Frameshift: Allows different syntaxes to represent frameshifts. Arg20fs*25 is the original recommendation, listing the first modified amino-acid and the new position of the stop codon (counting from the ATG). This recommendation was later modified to include the new identity of the first frameshifted amino acid and to number the stop codon from the start of the frameshift (not from the ATG): Arg20Profs*6. Finally, you can use a short form that does not reflect the size of the frameshift: Arg20fs.
Minimum end-of-mutant match for indels: Each and every frameshift can be considered as an indel: insertion of the frame-shifted bit, deletion of the rest of the protein. It is even more tempting to do so when the last framshifter amino acid(s) match the sequence of the wild-type protein (at the limit, if the entire framshift matches the WT protein, it looks like a simple deletion). Conversely, a deletion might be considered as a frameshift that matches the end of the WT protein out of sheer luck. Statistically, a 1-aa acid match will happen about 1 time in 20, a 2-aa match 1 time in 400, etc. The only way we can be sure that it's a frameshift is if we know what happened at the DNA level, but we are not supposed to use DNA information when describing a protein mutation... So Transmutator offers you a compromise solution: you can enter a minimum number of amino-acids that must be matched between the end of the mutant protein and the WT sequence. If this cutoff is met, the mutation will be described as an indel (or a deletion, as the case might be). Otherwise, it will be considered a frameshift. Thus, if you enter 0, frameshifts will never be reported. If you enter 1, frameshift will only be reported if no match is found between the framshifted bit and the WT protein. If you enter 2, you demand a 2-aminoacid match to report an indel (this is the default). Entering a very high number here will cause all deletions to be diagnosed as frameshifts.

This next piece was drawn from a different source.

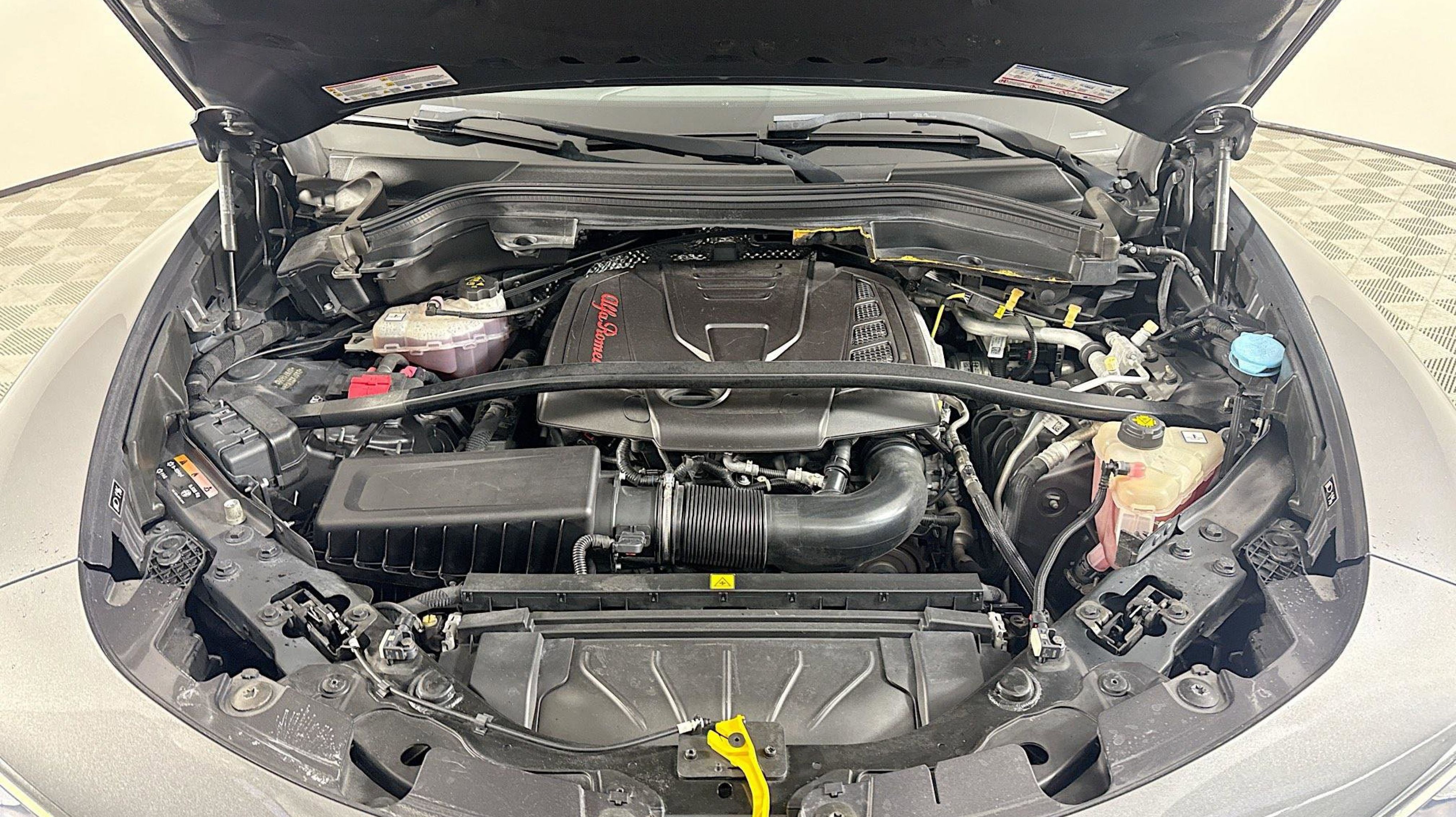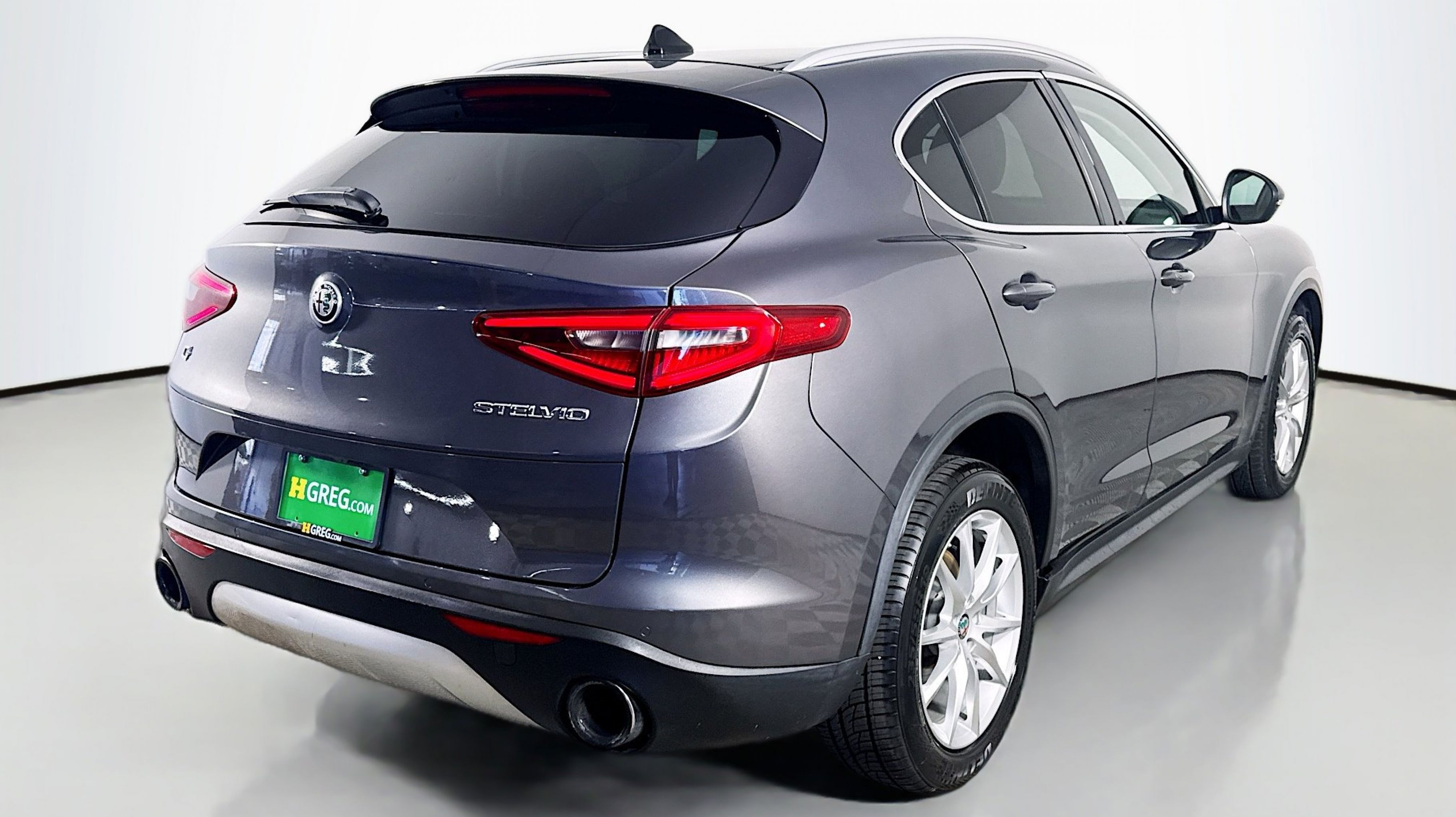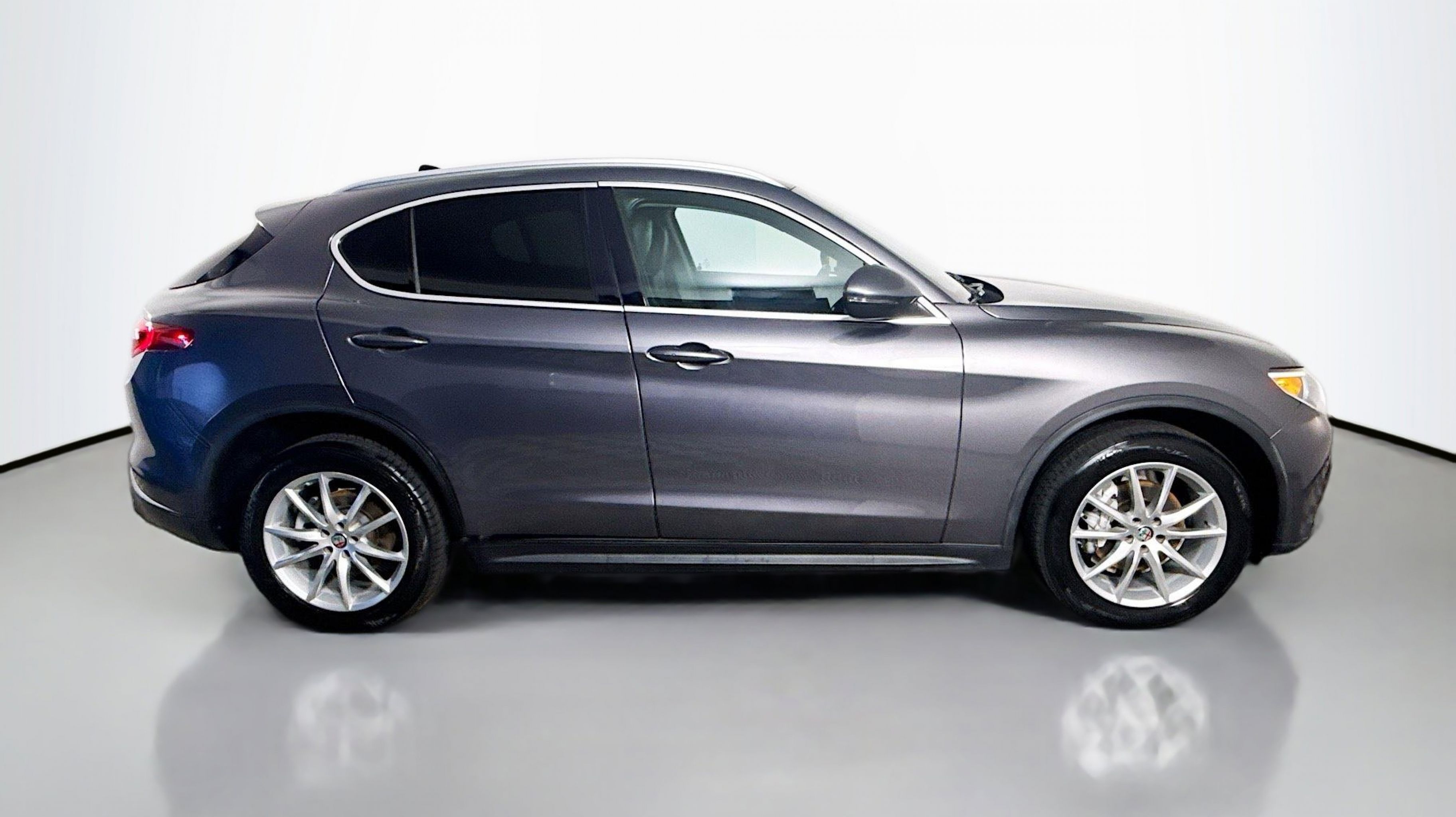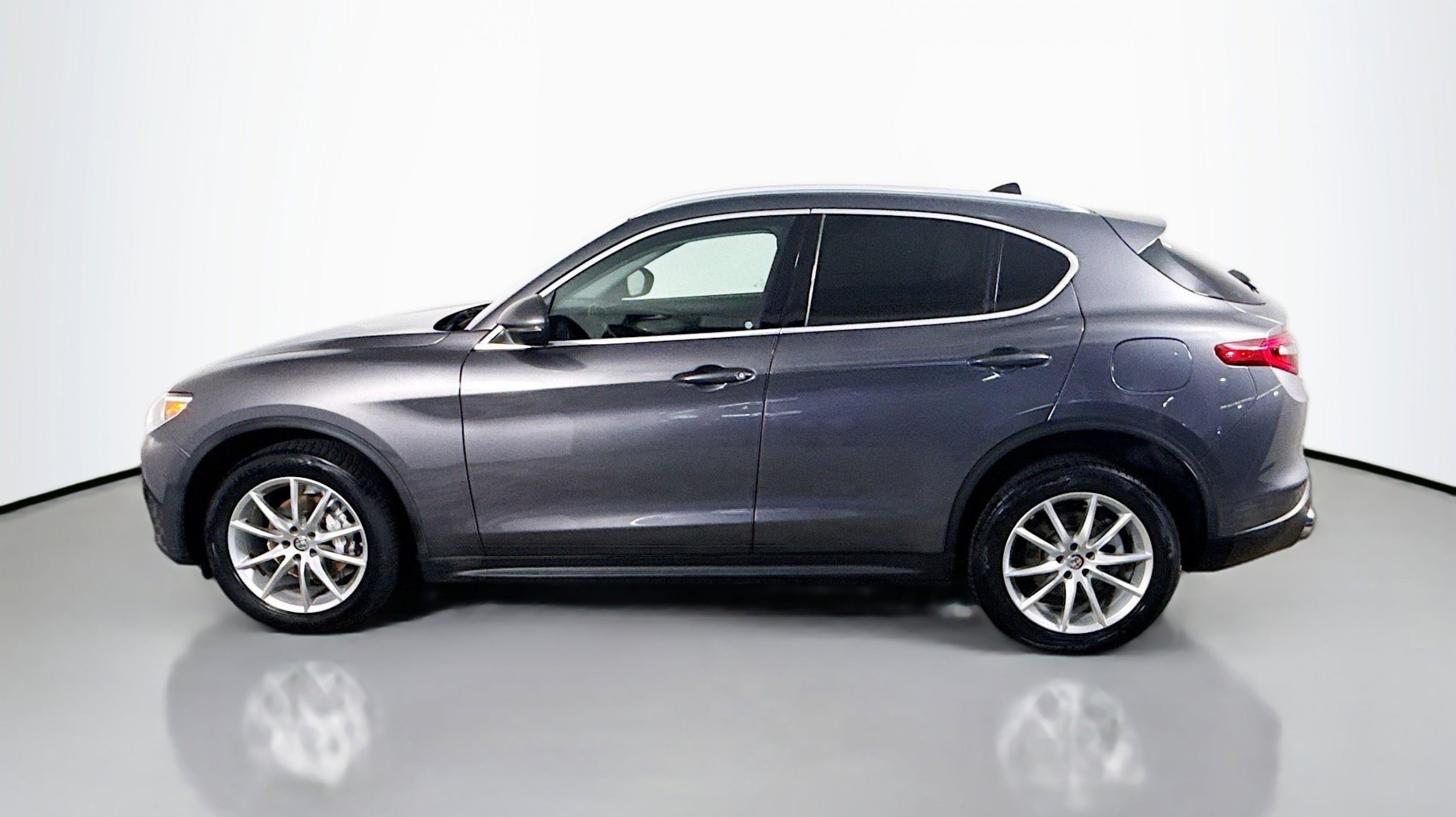 Vesuvio Gray Metallic 2018 Alfa Romeo Stelvio Ti AWD 8-Speed Automatic I4 Adaptive Cruise Control w/Stop, Auto High Beam Headlamp Control, Auto-Dimming Exterior Mirrors, Blind Spot & Cross Path Detection, Driver Assist Dynamic Plus Package, Driver Assistance Static Package, Forward Collision Warning, Infrared Windshield, Lane Departure Warning System, Quick Order Package 22G, 3.73 Axle Ratio, 4-Wheel Disc Brakes, 8 Speakers, 8.8 Widescreen Color Display, ABS brakes, Air Conditioning, Alloy wheels, AM/FM radio: SiriusXM, Auto-dimming Rear-View mirror, Automatic temperature control, Brake assist, Bumpers: body-color, Compass, Delay-off headlights, Driver door bin, Driver vanity mirror, Dual front impact airbags, Dual front side impact airbags, Dual-Pane Sunroof, Electronic Stability Control, Four wheel independent suspension, Front anti-roll bar, Front Bucket Seats, Front Center Armrest, Front dual zone A/C, Front reading lights, Fully automatic headlights, Garage door transmitter, Genuine wood console insert, Genuine wood dashboard insert, Genuine wood door panel insert, HD Radio, Heated door mirrors, Heated front seats, Heated steering wheel, High intensity discharge headlights: Bi-Xenon, Illuminated entry, Knee airbag, Leather Seats, Leather Shift Knob, Low tire pressure warning, Memory seat, Occupant sensing airbag, Outside temperature display, Overhead airbag, Overhead console, Panic alarm, ParkView Rear Back-Up Camera, Passenger door bin, Passenger vanity mirror, Power door mirrors, Power driver seat, Power Liftgate, Power passenger seat, Power steering, Power windows, Radio data system, Radio: AM/FM w/Bluetooth 8.8, Radio: AM/FM/HD Bluetooth w/Nav 8.8, Rain sensing wipers, Rear anti-roll bar, Rear audio controls, Rear fog lights, Rear reading lights, Rear seat center armrest, Rear window defroster, Rear window wiper, Remote keyless entry, Roof rack: rails only, Security system, Speed control, Speed-sensing steering, Speed-Sensitive Wipers, Split folding rear seat, Spoiler, Sport steering wheel, Steering wheel mounted audio controls, Tachometer, Telescoping steering wheel, Tilt steering wheel, Traction control, Trip computer, Turn signal indicator mirrors, Variably intermittent wipers, Wheels: 19 x 8.0 10-Spoke Aluminum, Wheels: 19 x 8.0 Y-Spoke Aluminum, Adaptive Cruise Control w/Stop, Auto High Beam Headlamp Control, Auto-Dimming Exterior Mirrors, Blind Spot & Cross Path Detection, Driver Assist Dynamic Plus Package, Driver Assistance Static Package, Forward Collision Warning, Infrared Windshield, Lane Departure Warning System, Quick Order Package 22G.

Insertions: Allows different options to represent insertions. With Lys2_Met3insGlnSerLys the inserted amino acids are spelled out, whereas Lys2_Met3ins3 only indicates the number of inserted amino acids. You can select "Use number if more than" to switch from one syntax to another, depending on the size of the insertion. Enter the threashold value in the nearby box: if the insertion if larger that the specified value, the numeric format will be used, otherwise the inserted amino acids will be listed.
Detect duplications: If this box is not checked, duplications
will be listed as insertions (a duplication is a special type of insertion).
If the box is unchecked, perfect repeats will be listed as duplications:
p.His7_Gln8dup (or p.Gly4dup if only one amino acid is involved). Be aware
that, duplications in DNA sometimes result in a codon change at the junction
between the two repeats. In such cases, since there isn't a perfect repeat
at the protein level, the mutation will always be listed as an insertion.